Затем добавьте 2,5 миллилитра ферментного раствора в оставшуюся ткань. Выдержите тарелку в течение 15 минут. После третьей инкубации повторите механическое перемешивание иглой 20 5G.

После инкубации ткани в течение последних пяти-10 минут перенесите надосадочную жидкость в пробирку для сбора для центрифугирования, чтобы идентифицировать восстановленную технологию с помощью проточной цитометрии. Во-первых, инкубируйте клетки с соответствующими антителами для обогащения. Затем добавьте клеточную суспензию в предварительно закодированную проволочную пластину, а затем переверните пластину и инкубируйте при комнатной температуре.

Через 30 минут энергично покрутите пластину, а затем перенесите надосадочную жидкость в коническую трубку. Ополосните пластину два раза свежим, средним, скапливая смывки в сборной трубке. Затем, после вращения клеток, повторно суспендируйте гранулу в пяти миллилитрах свежей среды и перенесите клеточную суспензию на новую пластину для промывки, собирая клетки после закручивания и инкубации, как только что было продемонстрировано, для дальнейшей очистки обогащенной технологии в их подмножествах клеток тимуса.

После мечения соответствующими антителами отсортируйте технологию через 100-микрометровую насадку методом сортировки флуоресцентно активированных клеток, собирая клетки в объеме 30% объема FBS в среде. В этой репрезентативной стратегии гейтирования для идентификации технологии с помощью проточной цитометрии можно наблюдать экспрессию epca, но не CD 45 с помощью технологии. Таким образом, технологии могут быть забиты в соответствии с их экспрессией EP, camm и CD 45 Технология состоит из корковых или CEC и медуллярных или mtech подмножеств тимического эпителия.
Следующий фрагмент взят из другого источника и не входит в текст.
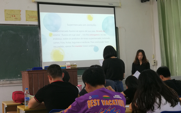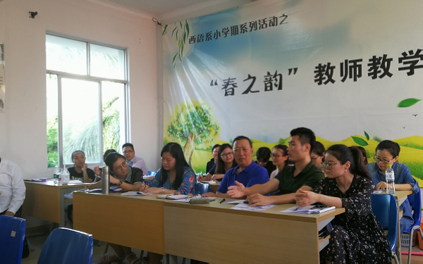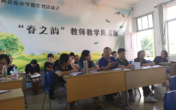 西语系曲教授给老师们讲解了此类课程的讲授方法,希望老师们在课堂上能要求学生用外文进行复述或转述,单词应在课文中讲解,而不是单独罗列,另外在外语课堂上应用外文授课,中文辅助授课。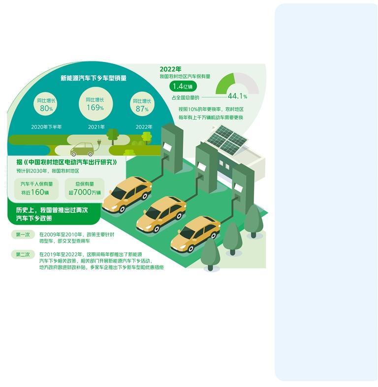 数据显示,自2020年7月起,工信部、农业农村部、商务部等多部门连续开展新能源汽车下乡活动。经过近3年努力,2020年下半年、2021年、2022年新能源汽车下乡车型销量同比分别增长80%、169%、87%。
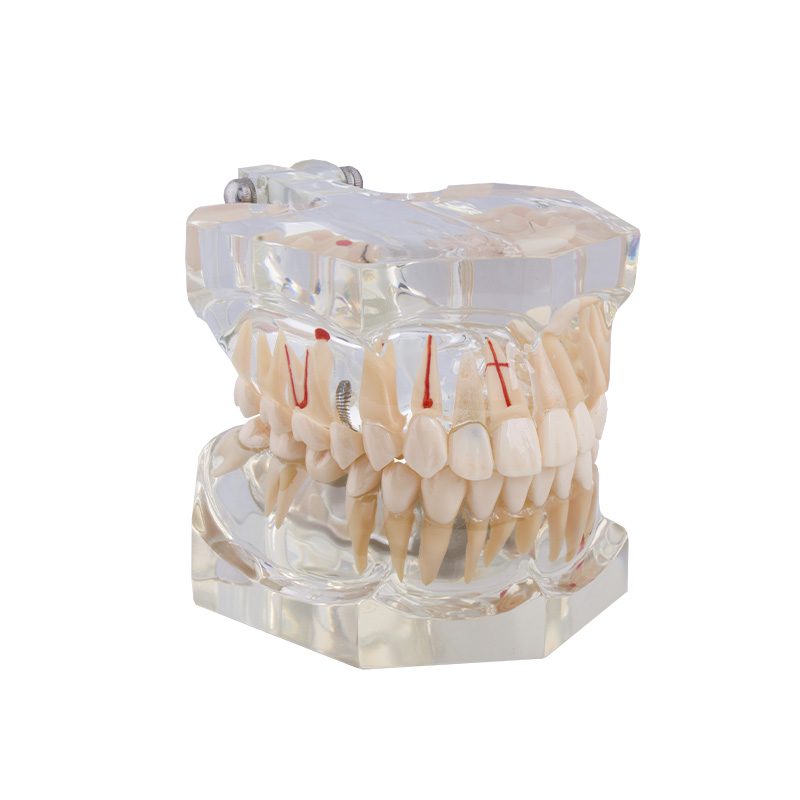 Este modelo incorpora un implante, caries con abscesos periapicales, un diente impactado, una carilla y varias coronas, lo que lo convierte en un recurso ideal para la simulación de casos clínicos reales en odontología. Su diseño es especialmente útil para complementar el estudio con imágenes de radiografías, permitiendo a estudiantes y profesionales mejorar su comprensión y habilidades diagnósticas.
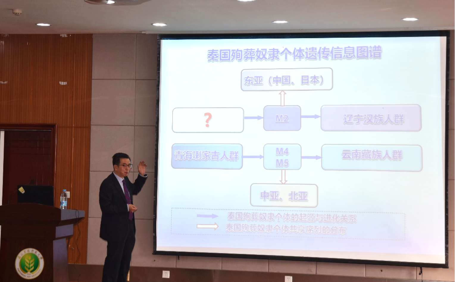 张教授进一步介绍了其团队通过提取遗址中古人类DNA,应用自主设计的基于mtDNA遗传信息聚类分析区域人口结构的方法,对陕西范围内的宝鸡凤翔秦国殉葬奴隶墓葬群进行古人类遗传关系的研究。研究分别将秦国殉葬奴隶与中国现代人群、其他古代人群进行序列比对,为解读秦国的社会人口结构与群体的历史发展过程提供了分子证据。研究团队还对榆林靖边五庄果墚新石器时代人类遗址进行了研究,结果显示五庄果墚古人类与现代南方汉族人群亲缘关系较近,印证了现代南方汉族起源于北方的观点;而且研究还表明新石器时代五庄果墚古人类对山东和新疆古人类以及日本人都有一定的基因贡献。

Эти субпопуляции можно различить по живому антителу 51, которое распознает G-глутамиламинопептидазу, экспрессируемую ctec, и лектину UEA, которое связывается с mtech как ctech, так и Mtech express MHC Class 2 на их поверхностях. Несмотря на то, что mtech можно далее классифицировать на популяции с низким и высоким уровнем mtech, в зависимости от уровня экспрессии MHC two, примерно в восемь раз больше технологий может быть восстановлено с использованием только что продемонстрированного протокола на основе фермента лиазы по сравнению с протоколом с коллагеназой и дисковым пространством примерно в девять раз 10 до пятой, что может быть восстановлено всего из одного тимуса мыши, чтобы сократить время сортировки и повысить жизнеспособность восстановленные стромальные клетки. Промывка может быть использована, как только что продемонстрировано, для истощения участков тимоцитов по сравнению с цельными подготовленными клетками тимуса.
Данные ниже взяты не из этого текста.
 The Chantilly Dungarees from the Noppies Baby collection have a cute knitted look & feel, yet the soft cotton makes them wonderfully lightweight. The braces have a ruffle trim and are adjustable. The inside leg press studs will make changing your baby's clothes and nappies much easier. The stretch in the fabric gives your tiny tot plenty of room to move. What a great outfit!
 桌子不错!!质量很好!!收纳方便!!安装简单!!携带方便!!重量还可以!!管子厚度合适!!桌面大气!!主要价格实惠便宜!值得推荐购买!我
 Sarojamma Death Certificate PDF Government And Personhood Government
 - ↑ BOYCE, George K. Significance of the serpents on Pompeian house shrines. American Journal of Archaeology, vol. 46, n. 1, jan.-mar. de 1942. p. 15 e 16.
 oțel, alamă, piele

Доля технологий увеличивается с менее чем 0,5% до более чем 15% в популяции клеток после обогащения. После панорамирования пропорции технологических подмножеств не изменяются, что позволяет предположить, что ни одно из подмножеств не теряется выборочно во время панорамирования. По сравнению с образцом для обогащения прееном, скорость восстановления технологии составляет около 85%После просмотра этого видео вы должны иметь хорошее представление о том, как обогатить темические половые клетки от более чем панических клеток, а также как идентифицировать и очистить более темические эпителиальные просадки с помощью проточной цитометрии.